中国語や中国ビジネスに関連するテーマを、漢和塾の小川がつらつらと書き綴る・・・

百聞は一見にしかず!されど、百見は一部に過ぎず!

2010-05-30 12:44:14 | 中国
書店で本の衝動買いはよくしますが、久々にある本を買って読んで後悔し、日曜だと言うのに、かなり気分が悪くなっています。米中と日本の今後の関係を述べた書籍で、著者は、1930年生まれの論客と、1969年生まれのネット専門家。
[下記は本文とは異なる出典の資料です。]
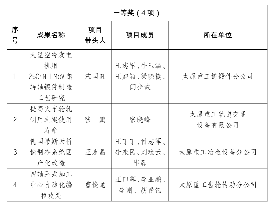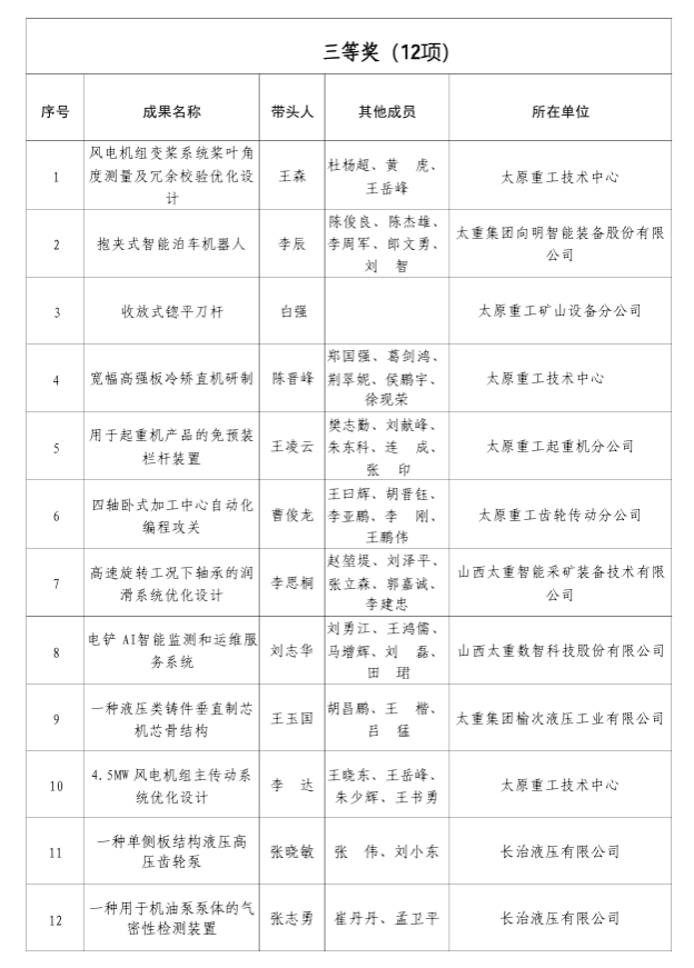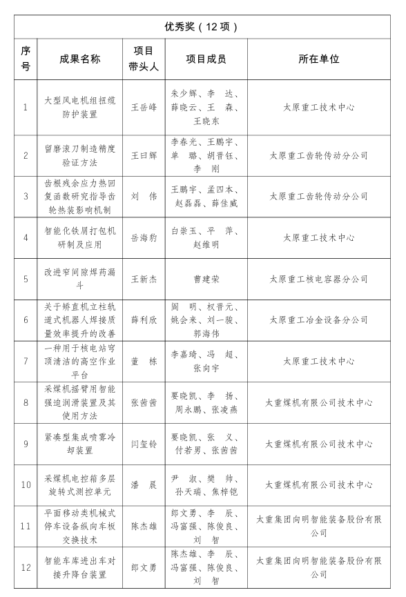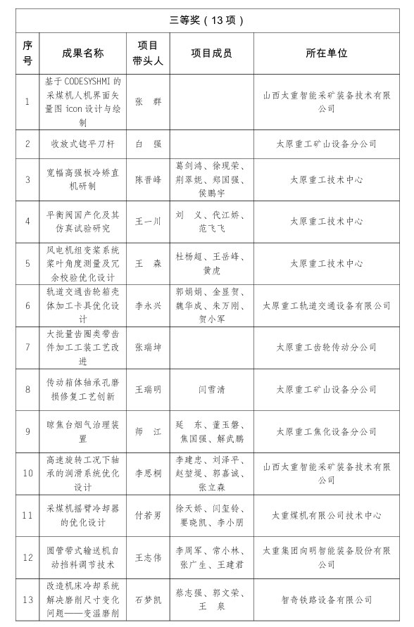 近日,2025年全省“五小”创新大赛及2025年全市“五小”创新大赛获奖名单相继揭晓,集团公司申报的优秀成果取得了可喜成绩。其中,荣获山西省二等奖8项、三等奖12项;荣获太原市一等奖4项、二等奖8项、三等奖13项、优秀奖12项。澳门十大信誉好的平台获2025年全省“五小”创新大赛优胜单位。澳门十大信誉好的平台工会、太重煤机有限公司工会获2025年全市“五小”创新大赛优秀组织单位,太原重工起重机分公司、太原重工技术中心获2025年全市“五小”创新大赛优胜单位。

世代の対比で対談形式は悪くないですし、そもそも書籍で、誰が何を言おうと関係はないのですが、それなりの権威に弱い風潮のある今の日本では、それなりの権威の人はもう少し勉強して欲しいです。

中国を語る「いわゆる専門家」は、今年に入ってさらに増殖したように思えます。年に1度しか中国に行かないような大学教授が中国異文化論を語り副業にしてみたり、ネットの情報を鵜呑みにして「中国では実は大変な事件が起きている!」とリークする人など。もちろん、中には講演を依頼したら、「私は年間できるだけ多くの機会を、学生と一緒に中国に行くことに費やしたいので、講演は遠慮したい!」と言った大学教授がいましたが、これこそ本分と言えるでしょう。
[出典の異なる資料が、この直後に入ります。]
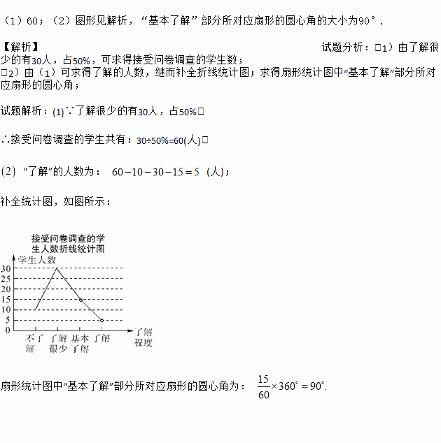 (2)请补全折线统计图,并求出扇形统计图中“基本了解”部分所对应扇形的圆心角的大小.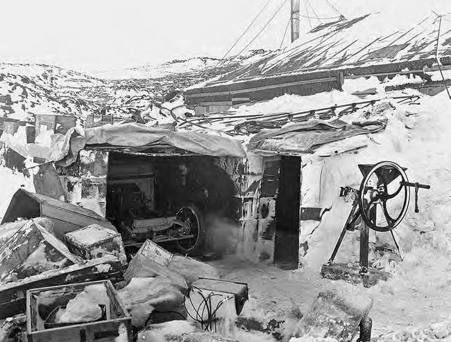 С правого края фото – тропинка к метеорологической станции. На заднем плане – склон Эребуса. На нижнем снимке – гараж Дэя с автомобилем

この書籍でも、ネット専門家とやらが、中国は100円でタクシー乗り放題、偽札が6割と平気で活字にしています。ゴシップ誌なら、面白おかしく誇張するのはいいでしょう。ただ、日本の今後を語るくらいの大きな話を世に出している割には、あまりにも勉強不足ではないでしょうか?もちろん、経済や金融などそれぞれに秀でた人が、外交やましてや変化の激しい中国の今を把握することは難しいでしょう。1度でも見たり聞いたりしたことが、「貴方にとっての中国になる」ことは、以前、私の妻の中国嫌いでコメントしましたが、このような稚拙な分析に対して権威あるはずの論客も一緒になって「中国は日本にすがるしかない・・」的なことをおっしゃてますし・・・

かく言う私も専門はビジネスマンの中国語スキルアップであり、中国ビジネスにおいては専門家ではありません。昨年は結局、10回の出張で100日以上は中国を見てきたつもりですが、語学の研修会社としては、現場も見ずに文法だの聞き流すだの言ってるよりは、語学を何のために使うべきかを目の当たりにして、実用的なご提案ができるかと思います。が、こと実際の中国ビジネスで成功できる糸口も、中国で今何が変化しているかも、たまの出張では何一つ理解したうちに入らないと焦っています。ゆえに情報収集をまめにして、しかもその情報を鵜呑みにせずに、自分なりの仮説を立てる・・・年に100日の出張は、その検証のためなら多少役に立つでしょう。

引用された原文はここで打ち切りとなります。